Now that 6 months have passed since you more habitually spouted this internally flawed argument, do you finally see the problem with this view?

Let me help you out: the US started to willfully default on its debt when the FED made the decision to monetize debt, thus functionally monetizing a portion of the operating budget. The result was fated to be recorded eventually in the currency, and in gold, and you are seeing that now.

Posted by John Brewster | Report as abusive

I have a hunch that significant medical procedures will behave the same way. If it’s more expensive, it must be better/more advanced/more effective/better surgeons. If it’s cheaper, the surgeon must be a hack with a degree from a Caribbean diploma mill, or be using worn-out equipment, or outdated procedures, or whatever.

That’s why I don’t think the answer to controlling healthcare costs is simply to expose patients to the prices and let them choose.

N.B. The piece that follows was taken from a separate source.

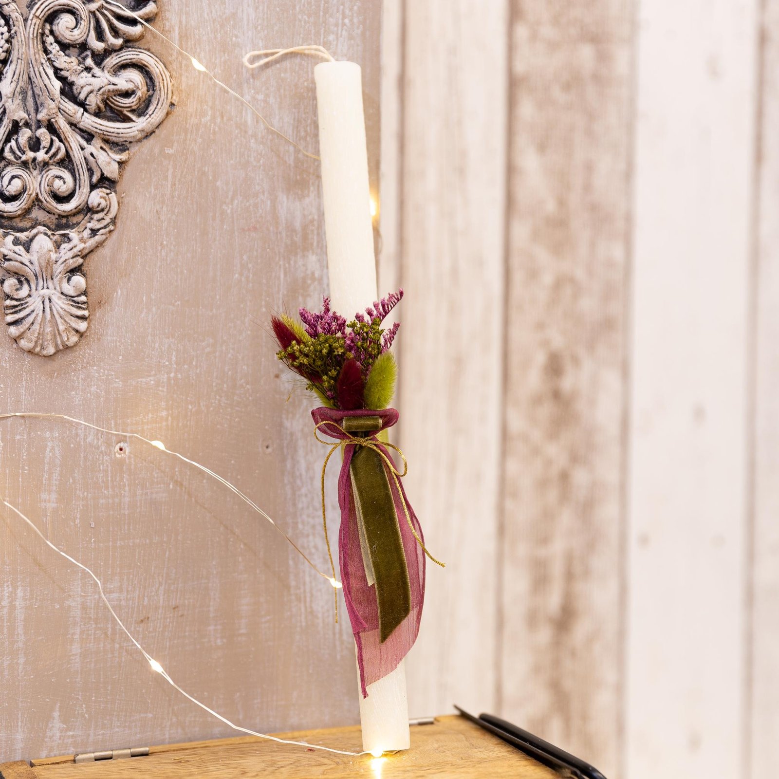 Χειροποίητη αρωματική λαμπάδα διακοσμημένη με αποξηραμένα λουλούδια στα 30 εκ.

Posted by Jon H | Report as abusive

It’s not conspicuous consumption; it’s a fear of what is in that two-dollar bottle of wine. The same instinct might cause you to steer clear of a 45-cent hamburger: if the price is that low, it’s bound to be wretched. At a slightly higher price, you can at least hope for a better quality good.

Posted by a | Report as abusive

John, where did I write that?

Posted by Felix Salmon | Report as abusive

Way back when, we were taught that this phenomenon is called “reverse demand elasticity” and applies to many luxury goods — in particular, when a consumer doesn’t have much to go on besides the price, s/he will use a price signal as an indicator of quality.